Exercise prompt: Only the lines from the one with "Us convidem també" through the last line of the data below are to be duplicated, exactly and without pictures.

Dataset:
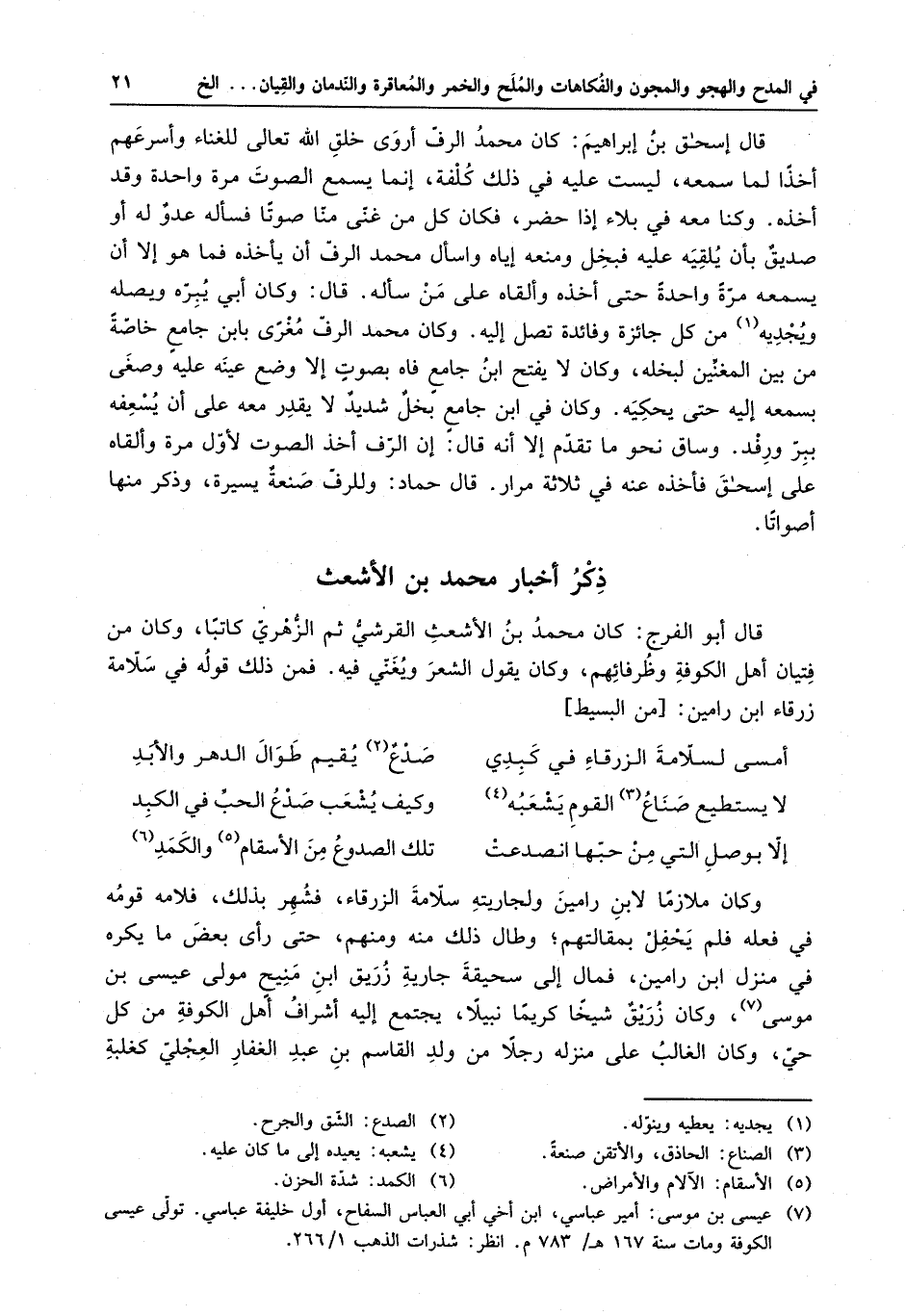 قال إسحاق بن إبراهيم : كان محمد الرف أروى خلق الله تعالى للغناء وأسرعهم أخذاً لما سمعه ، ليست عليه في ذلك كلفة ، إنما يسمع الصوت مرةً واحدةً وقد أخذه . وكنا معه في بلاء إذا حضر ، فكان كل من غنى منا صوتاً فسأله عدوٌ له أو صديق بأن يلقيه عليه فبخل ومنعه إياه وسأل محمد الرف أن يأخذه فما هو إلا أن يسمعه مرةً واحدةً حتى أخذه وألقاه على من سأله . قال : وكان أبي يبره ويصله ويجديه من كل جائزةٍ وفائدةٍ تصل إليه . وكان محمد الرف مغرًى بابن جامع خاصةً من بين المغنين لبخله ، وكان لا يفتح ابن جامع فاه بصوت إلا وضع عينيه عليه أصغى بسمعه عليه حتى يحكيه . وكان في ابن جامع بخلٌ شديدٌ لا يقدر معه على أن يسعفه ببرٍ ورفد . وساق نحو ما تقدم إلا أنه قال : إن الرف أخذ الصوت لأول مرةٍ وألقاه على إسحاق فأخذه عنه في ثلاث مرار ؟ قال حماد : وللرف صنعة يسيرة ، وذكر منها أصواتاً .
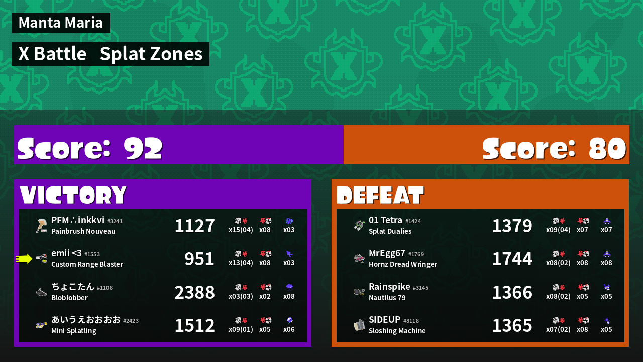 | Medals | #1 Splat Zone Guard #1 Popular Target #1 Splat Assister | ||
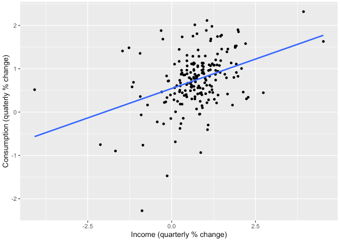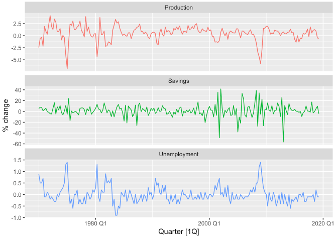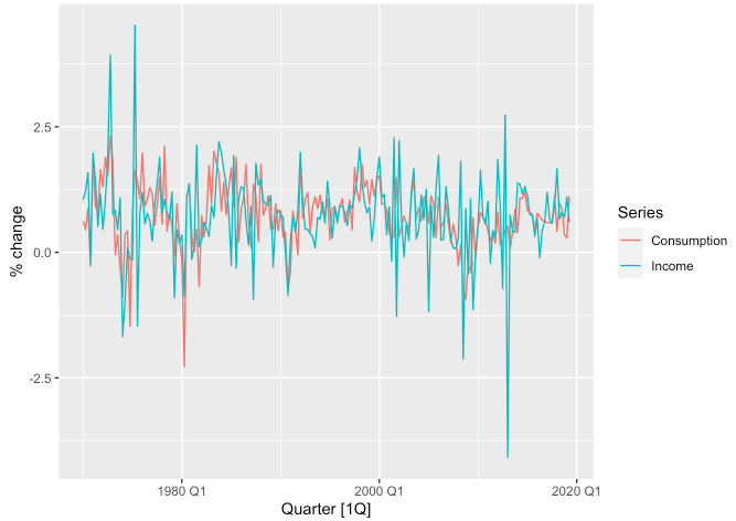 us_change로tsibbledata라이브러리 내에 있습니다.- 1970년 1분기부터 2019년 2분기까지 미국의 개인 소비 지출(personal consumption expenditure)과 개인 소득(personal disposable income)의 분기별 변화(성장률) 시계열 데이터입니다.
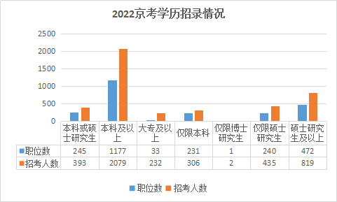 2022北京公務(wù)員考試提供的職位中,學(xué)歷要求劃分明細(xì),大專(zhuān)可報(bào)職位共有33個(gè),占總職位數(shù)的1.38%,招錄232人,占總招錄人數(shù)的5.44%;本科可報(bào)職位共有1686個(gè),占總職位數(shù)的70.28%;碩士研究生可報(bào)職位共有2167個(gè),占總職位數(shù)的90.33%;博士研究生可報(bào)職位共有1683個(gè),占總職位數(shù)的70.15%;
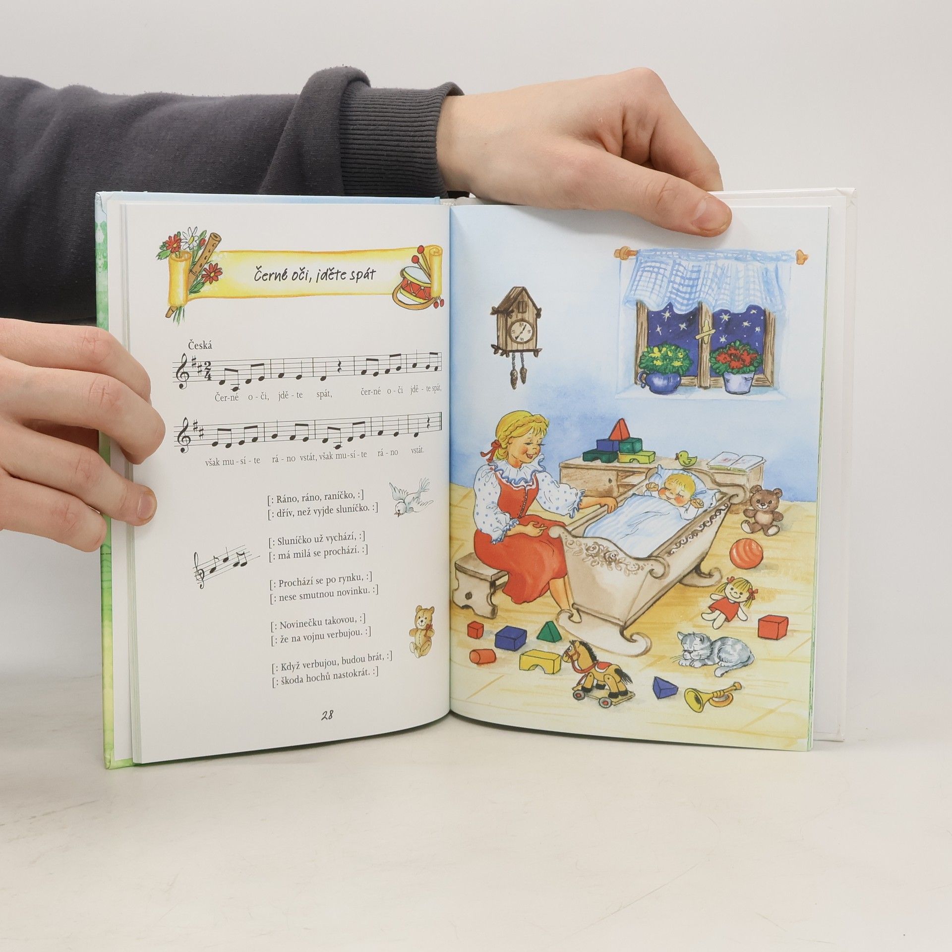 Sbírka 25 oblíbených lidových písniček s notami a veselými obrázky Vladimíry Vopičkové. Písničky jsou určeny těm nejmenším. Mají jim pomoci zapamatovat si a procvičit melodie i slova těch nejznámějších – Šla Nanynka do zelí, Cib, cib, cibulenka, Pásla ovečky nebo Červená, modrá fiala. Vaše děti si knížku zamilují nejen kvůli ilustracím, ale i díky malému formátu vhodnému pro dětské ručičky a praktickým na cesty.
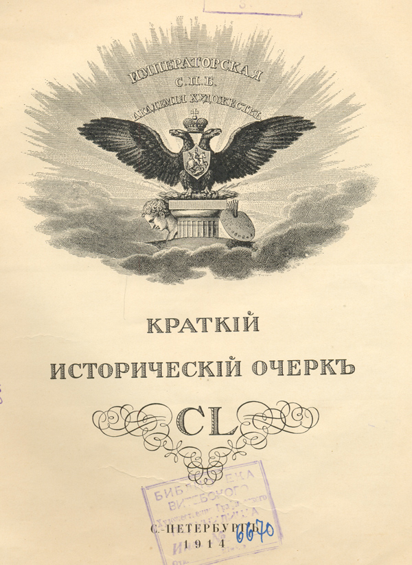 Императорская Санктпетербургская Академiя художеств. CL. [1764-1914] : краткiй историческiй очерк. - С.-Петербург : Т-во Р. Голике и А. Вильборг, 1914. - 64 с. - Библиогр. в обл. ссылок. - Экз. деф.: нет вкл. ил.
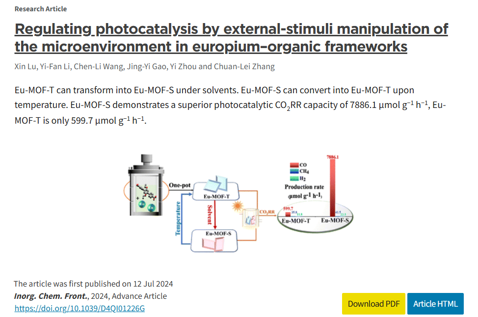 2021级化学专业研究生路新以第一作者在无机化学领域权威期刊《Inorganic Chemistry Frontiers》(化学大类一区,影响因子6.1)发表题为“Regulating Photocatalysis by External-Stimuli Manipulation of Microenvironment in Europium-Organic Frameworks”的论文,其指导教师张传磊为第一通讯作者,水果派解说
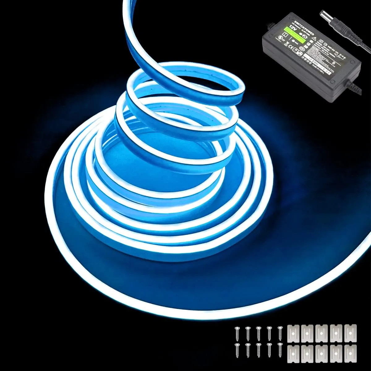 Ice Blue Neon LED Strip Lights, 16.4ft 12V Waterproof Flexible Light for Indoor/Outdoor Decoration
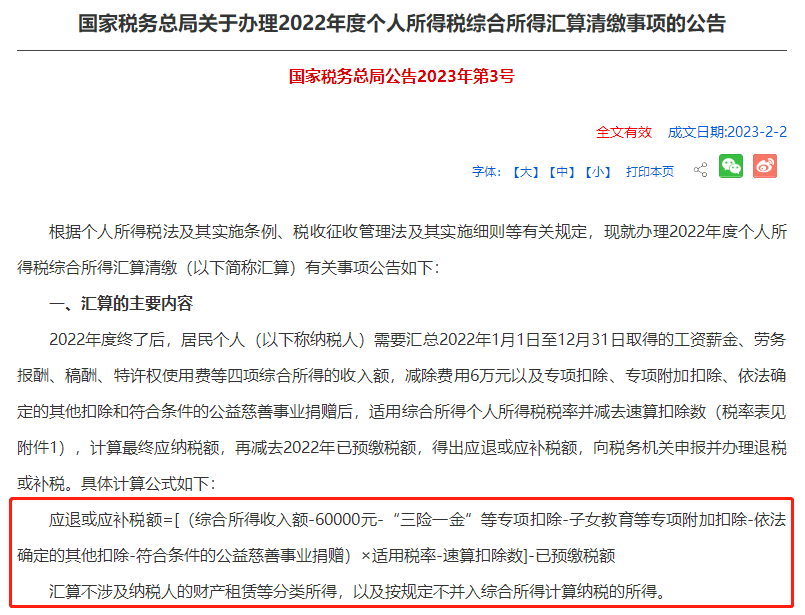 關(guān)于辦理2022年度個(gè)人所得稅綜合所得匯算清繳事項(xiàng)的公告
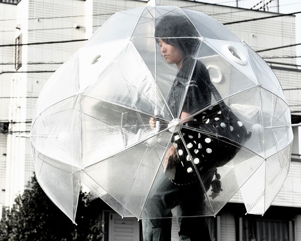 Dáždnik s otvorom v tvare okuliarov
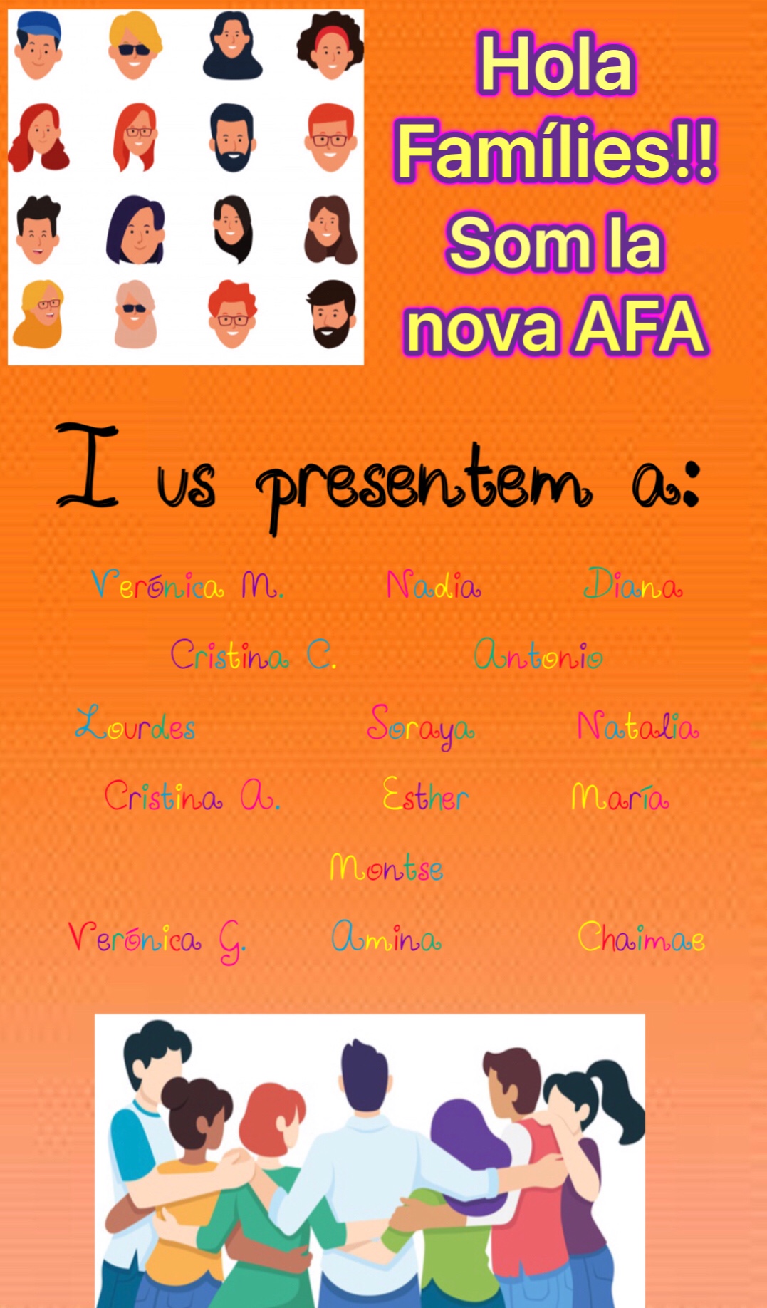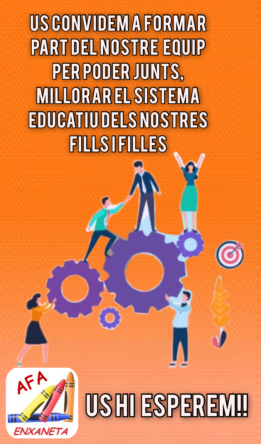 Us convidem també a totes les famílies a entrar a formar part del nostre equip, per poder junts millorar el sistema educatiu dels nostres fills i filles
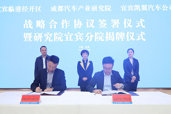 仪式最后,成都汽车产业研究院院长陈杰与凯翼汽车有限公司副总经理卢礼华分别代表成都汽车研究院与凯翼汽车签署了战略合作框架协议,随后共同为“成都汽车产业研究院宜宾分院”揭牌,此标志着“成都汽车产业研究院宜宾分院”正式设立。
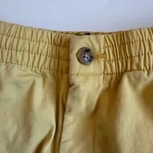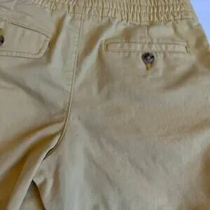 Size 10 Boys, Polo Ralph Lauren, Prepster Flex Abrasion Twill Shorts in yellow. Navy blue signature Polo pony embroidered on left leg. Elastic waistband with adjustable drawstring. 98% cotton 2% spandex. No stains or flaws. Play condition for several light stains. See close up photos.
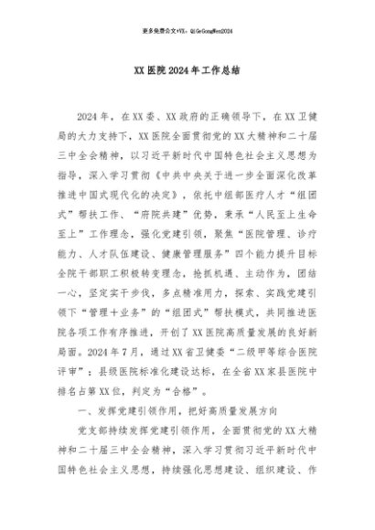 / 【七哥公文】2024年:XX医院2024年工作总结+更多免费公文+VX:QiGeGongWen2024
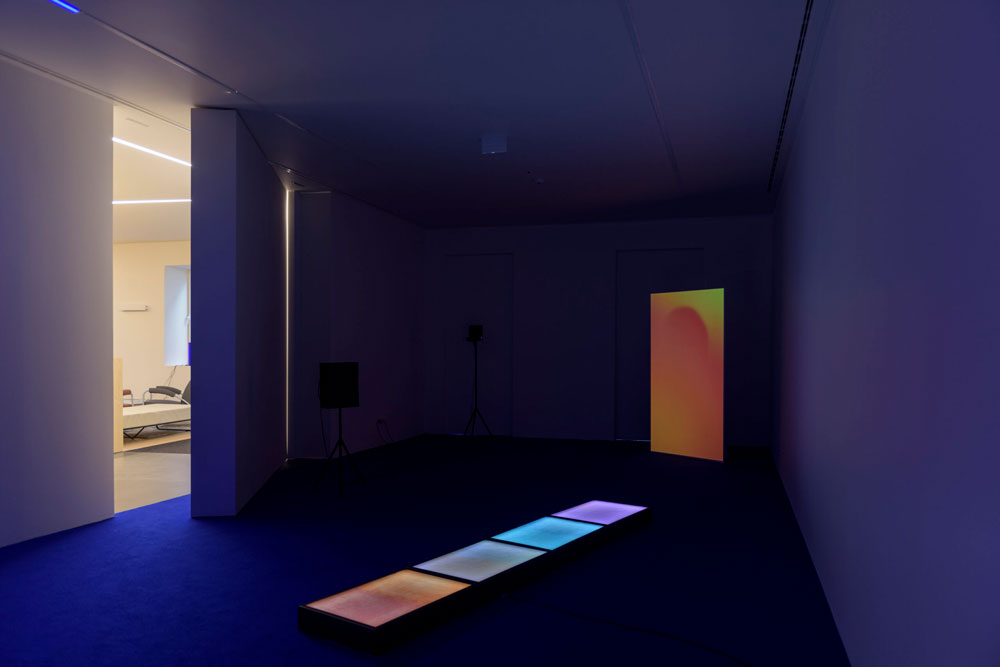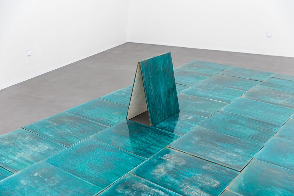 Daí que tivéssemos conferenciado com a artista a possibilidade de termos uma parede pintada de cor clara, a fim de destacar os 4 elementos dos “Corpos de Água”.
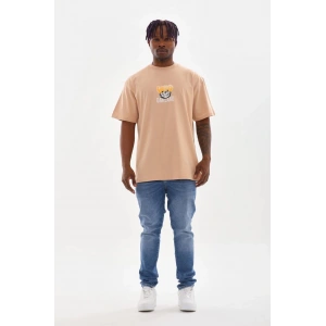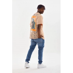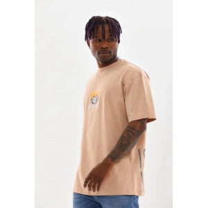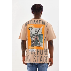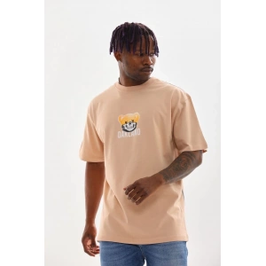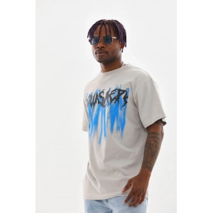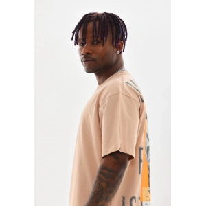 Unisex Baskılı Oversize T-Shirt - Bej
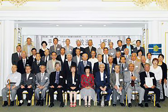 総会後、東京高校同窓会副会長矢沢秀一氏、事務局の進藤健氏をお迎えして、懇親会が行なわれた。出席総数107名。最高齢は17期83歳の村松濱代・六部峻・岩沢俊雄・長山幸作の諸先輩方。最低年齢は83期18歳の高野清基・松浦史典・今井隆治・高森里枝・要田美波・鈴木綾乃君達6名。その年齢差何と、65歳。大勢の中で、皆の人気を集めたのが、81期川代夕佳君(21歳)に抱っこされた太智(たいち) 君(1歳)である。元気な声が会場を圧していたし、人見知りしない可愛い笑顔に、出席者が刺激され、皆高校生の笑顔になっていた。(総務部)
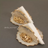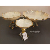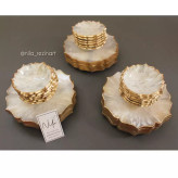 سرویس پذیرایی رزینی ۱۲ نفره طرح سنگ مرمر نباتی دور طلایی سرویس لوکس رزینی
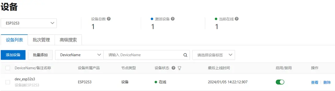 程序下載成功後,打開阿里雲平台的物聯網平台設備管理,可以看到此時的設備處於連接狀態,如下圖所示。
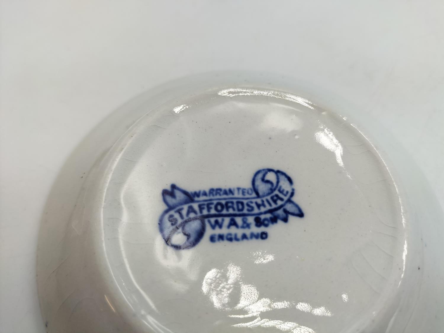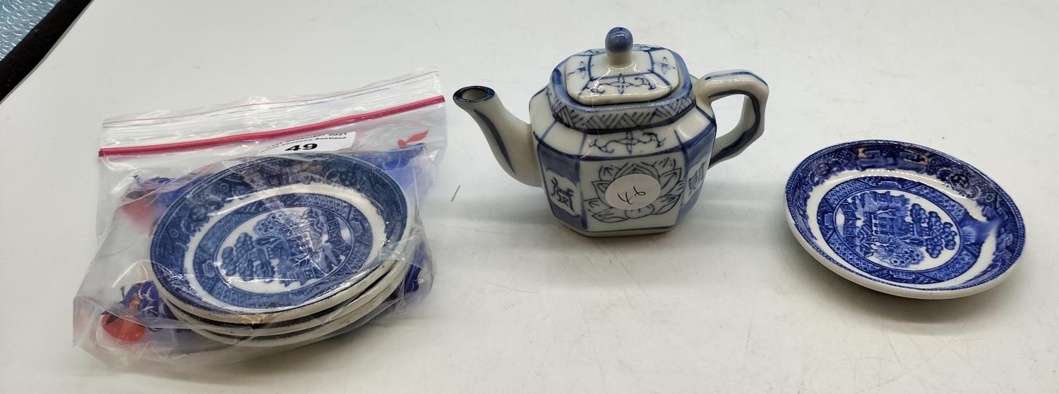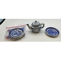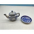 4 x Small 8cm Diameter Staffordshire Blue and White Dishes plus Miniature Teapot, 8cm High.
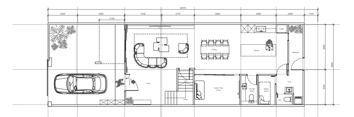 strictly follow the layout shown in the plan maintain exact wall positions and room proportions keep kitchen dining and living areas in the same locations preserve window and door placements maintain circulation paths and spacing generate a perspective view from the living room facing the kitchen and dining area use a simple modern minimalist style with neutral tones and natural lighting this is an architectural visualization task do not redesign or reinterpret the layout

Answer space:
 Us convidem també a totes les famílies a entrar a formar part del nostre equip, per poder junts millorar el sistema educatiu dels nostres fills i filles
 仪式最后,成都汽车产业研究院院长陈杰与凯翼汽车有限公司副总经理卢礼华分别代表成都汽车研究院与凯翼汽车签署了战略合作框架协议,随后共同为“成都汽车产业研究院宜宾分院”揭牌,此标志着“成都汽车产业研究院宜宾分院”正式设立。
 Size 10 Boys, Polo Ralph Lauren, Prepster Flex Abrasion Twill Shorts in yellow. Navy blue signature Polo pony embroidered on left leg. Elastic waistband with adjustable drawstring. 98% cotton 2% spandex. No stains or flaws. Play condition for several light stains. See close up photos.
 / 【七哥公文】2024年:XX医院2024年工作总结+更多免费公文+VX:QiGeGongWen2024
 Daí que tivéssemos conferenciado com a artista a possibilidade de termos uma parede pintada de cor clara, a fim de destacar os 4 elementos dos “Corpos de Água”.
 Unisex Baskılı Oversize T-Shirt - Bej
 総会後、東京高校同窓会副会長矢沢秀一氏、事務局の進藤健氏をお迎えして、懇親会が行なわれた。出席総数107名。最高齢は17期83歳の村松濱代・六部峻・岩沢俊雄・長山幸作の諸先輩方。最低年齢は83期18歳の高野清基・松浦史典・今井隆治・高森里枝・要田美波・鈴木綾乃君達6名。その年齢差何と、65歳。大勢の中で、皆の人気を集めたのが、81期川代夕佳君(21歳)に抱っこされた太智(たいち) 君(1歳)である。元気な声が会場を圧していたし、人見知りしない可愛い笑顔に、出席者が刺激され、皆高校生の笑顔になっていた。(総務部)
 سرویس پذیرایی رزینی ۱۲ نفره طرح سنگ مرمر نباتی دور طلایی سرویس لوکس رزینی
 程序下載成功後,打開阿里雲平台的物聯網平台設備管理,可以看到此時的設備處於連接狀態,如下圖所示。
 4 x Small 8cm Diameter Staffordshire Blue and White Dishes plus Miniature Teapot, 8cm High.
 strictly follow the layout shown in the plan maintain exact wall positions and room proportions keep kitchen dining and living areas in the same locations preserve window and door placements maintain circulation paths and spacing generate a perspective view from the living room facing the kitchen and dining area use a simple modern minimalist style with neutral tones and natural lighting this is an architectural visualization task do not redesign or reinterpret the layout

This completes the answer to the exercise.